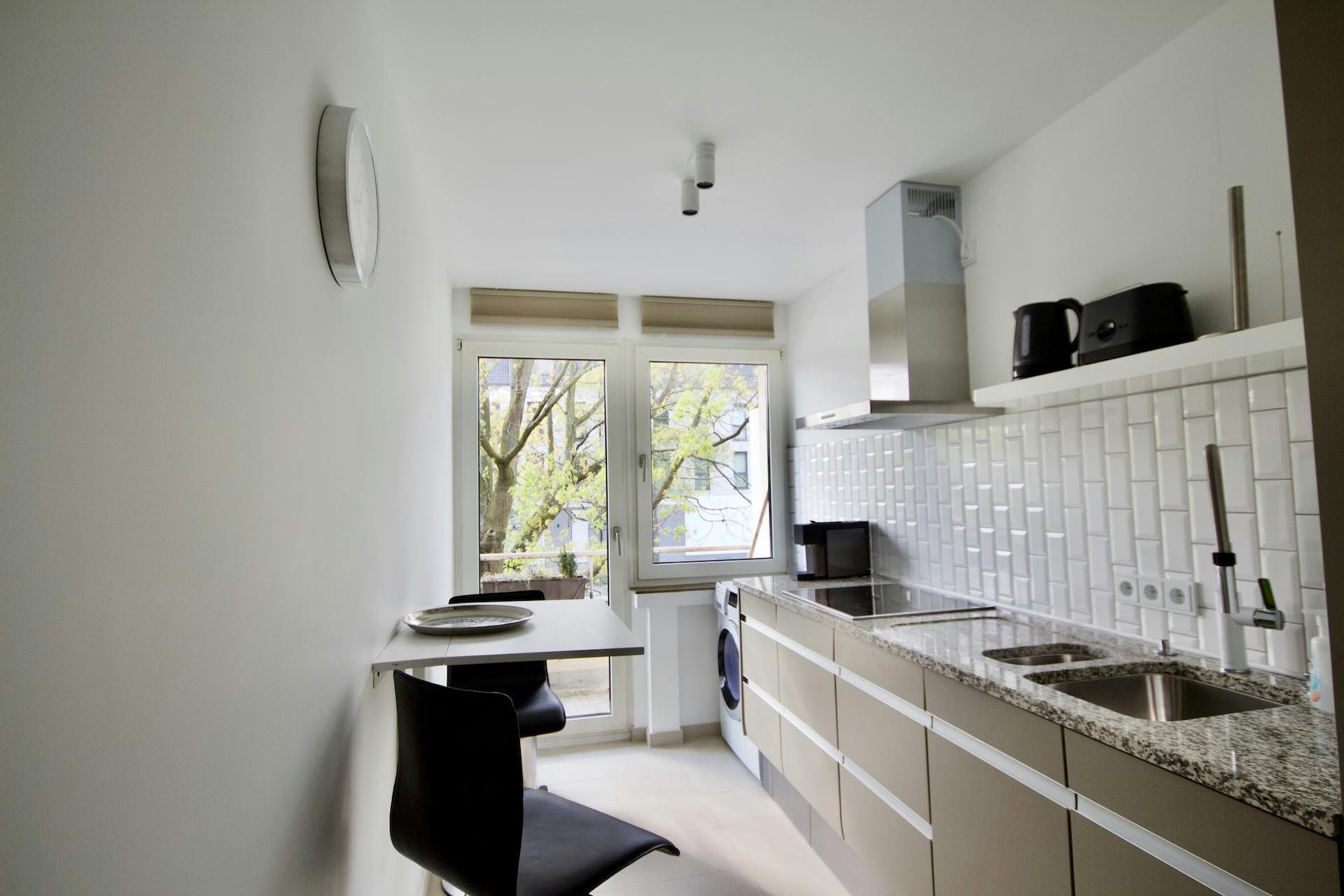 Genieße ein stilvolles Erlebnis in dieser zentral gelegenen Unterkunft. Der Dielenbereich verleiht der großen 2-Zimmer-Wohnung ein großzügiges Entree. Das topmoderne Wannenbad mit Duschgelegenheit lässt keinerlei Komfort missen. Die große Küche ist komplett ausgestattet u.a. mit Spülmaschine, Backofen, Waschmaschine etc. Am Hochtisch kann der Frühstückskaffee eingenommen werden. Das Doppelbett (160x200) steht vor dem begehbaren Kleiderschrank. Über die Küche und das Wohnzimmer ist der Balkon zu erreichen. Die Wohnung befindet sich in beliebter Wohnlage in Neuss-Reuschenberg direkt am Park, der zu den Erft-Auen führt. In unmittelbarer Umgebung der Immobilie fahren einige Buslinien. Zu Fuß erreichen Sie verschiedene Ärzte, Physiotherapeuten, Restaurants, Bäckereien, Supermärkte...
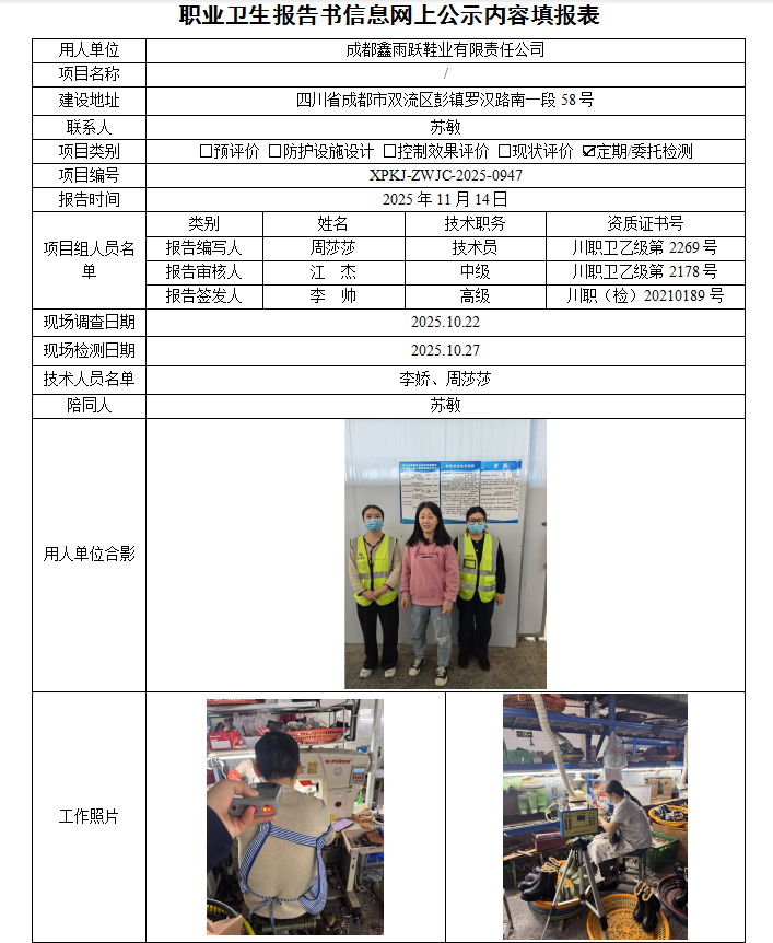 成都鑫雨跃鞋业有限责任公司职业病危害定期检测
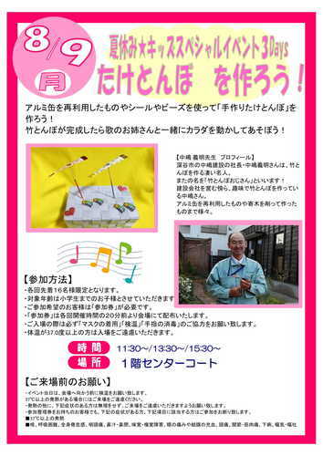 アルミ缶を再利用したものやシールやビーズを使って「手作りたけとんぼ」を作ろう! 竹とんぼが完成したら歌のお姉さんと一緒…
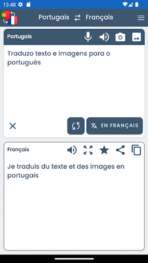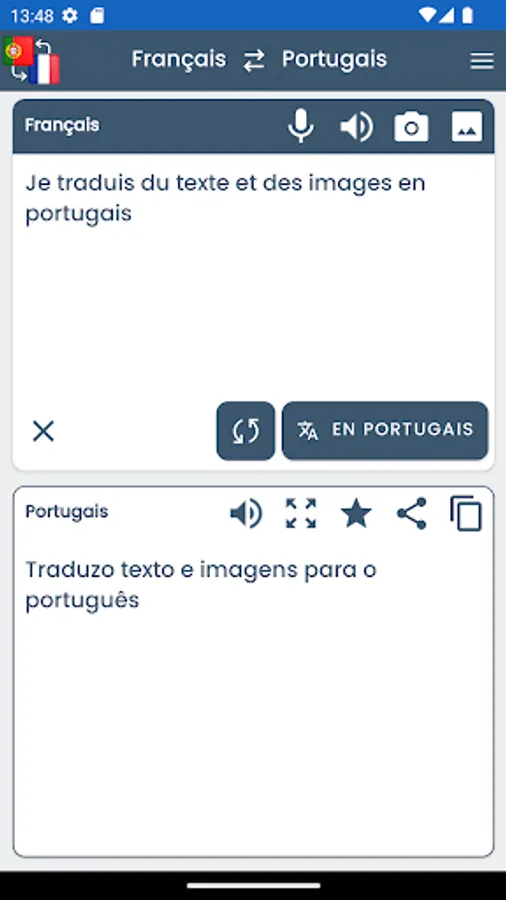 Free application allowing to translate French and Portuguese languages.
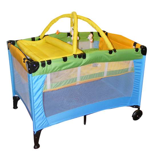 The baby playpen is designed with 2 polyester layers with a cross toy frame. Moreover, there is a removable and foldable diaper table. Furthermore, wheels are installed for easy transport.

....

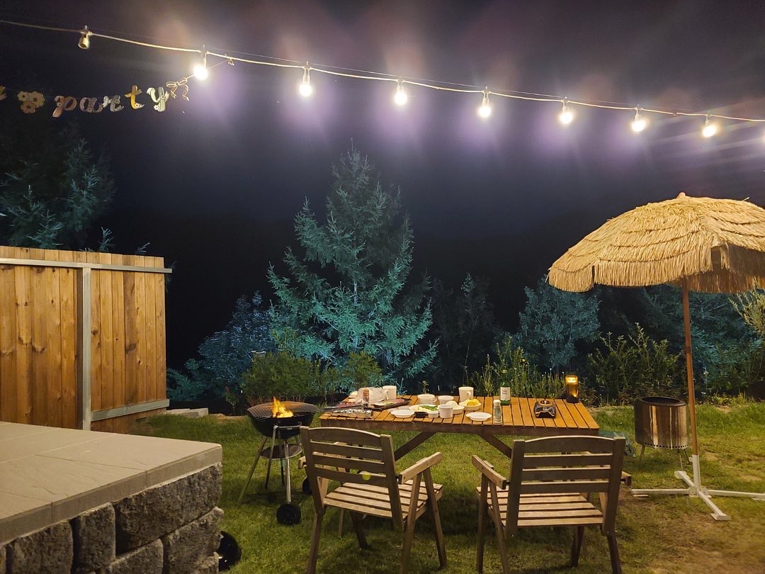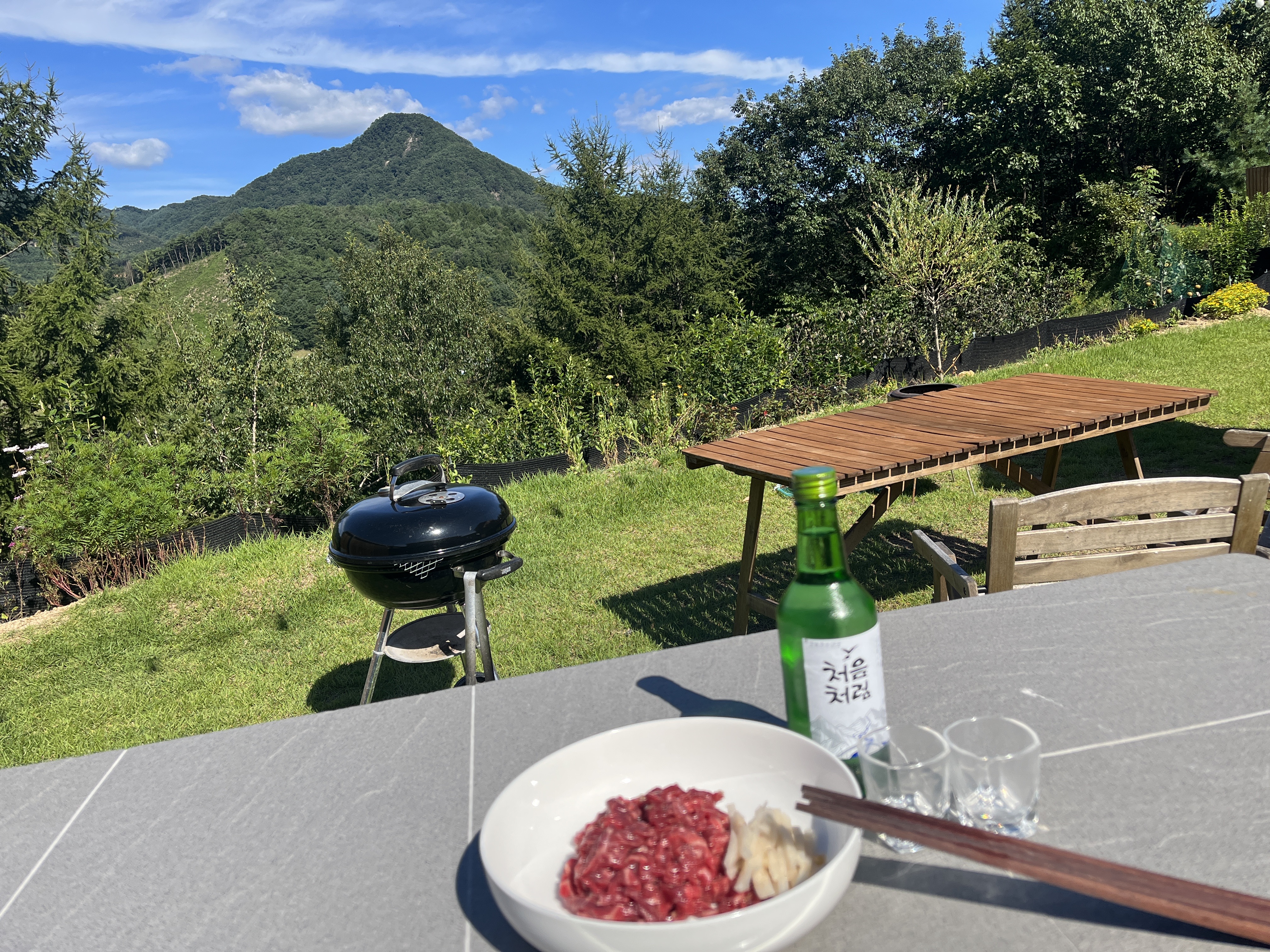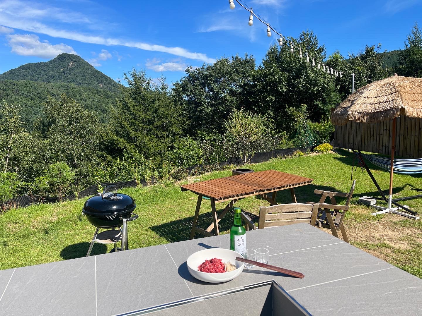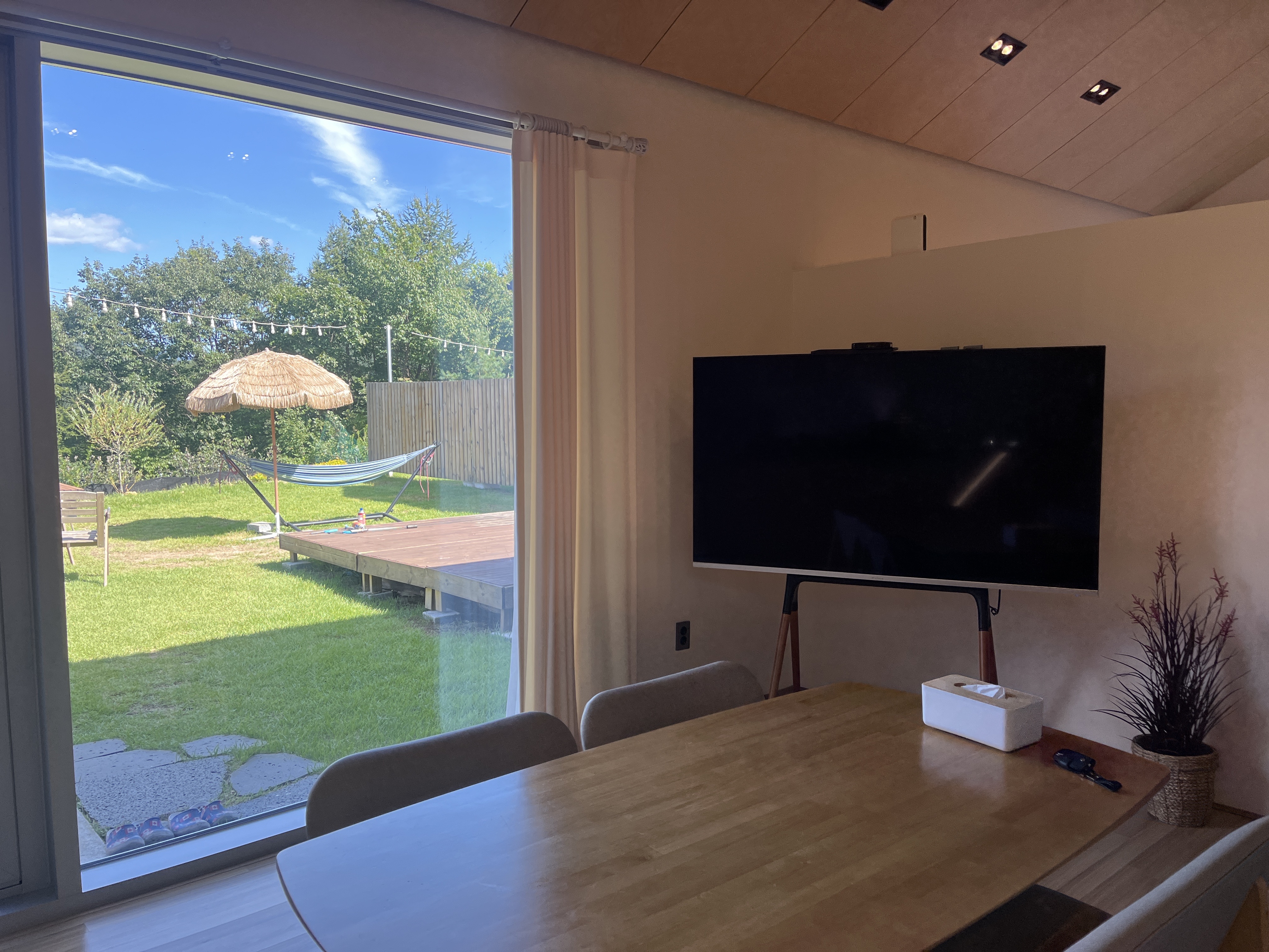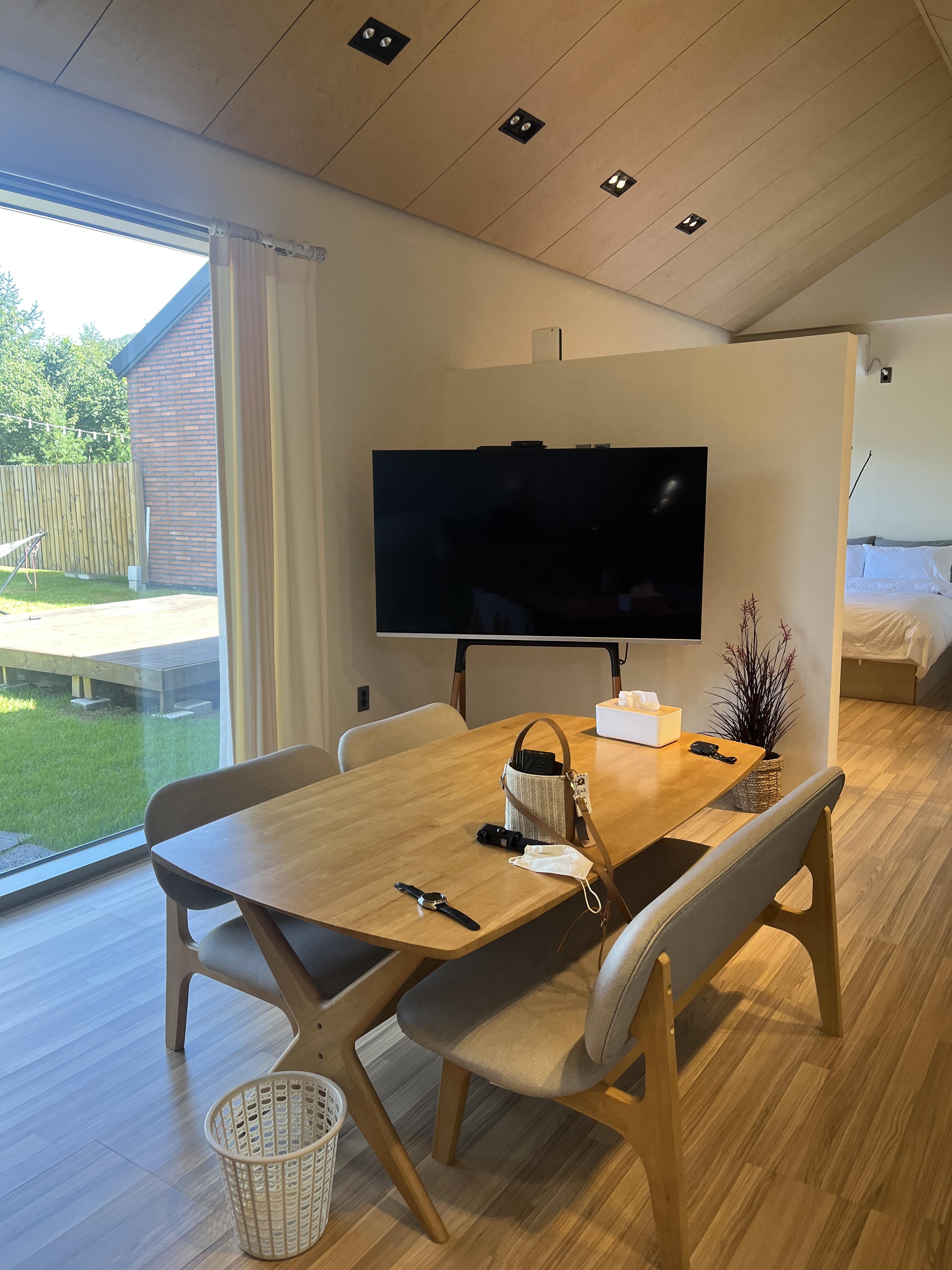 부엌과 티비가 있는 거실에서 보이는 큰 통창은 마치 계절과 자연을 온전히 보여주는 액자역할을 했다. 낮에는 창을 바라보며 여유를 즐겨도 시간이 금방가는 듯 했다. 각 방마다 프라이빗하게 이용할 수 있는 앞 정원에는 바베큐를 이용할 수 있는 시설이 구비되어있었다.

....

WHAT THIS TASK INVOLVES
Above are entries with pictures among them. Write out exactly the lines from the one containing "アルミ缶を再利用したものやシ" through the one containing "The baby playpen", ends included, and leave those pictures out.

RESPONSE TO THE TASK
 アルミ缶を再利用したものやシールやビーズを使って「手作りたけとんぼ」を作ろう! 竹とんぼが完成したら歌のお姉さんと一緒…
 Free application allowing to translate French and Portuguese languages.
 The baby playpen is designed with 2 polyester layers with a cross toy frame. Moreover, there is a removable and foldable diaper table. Furthermore, wheels are installed for easy transport.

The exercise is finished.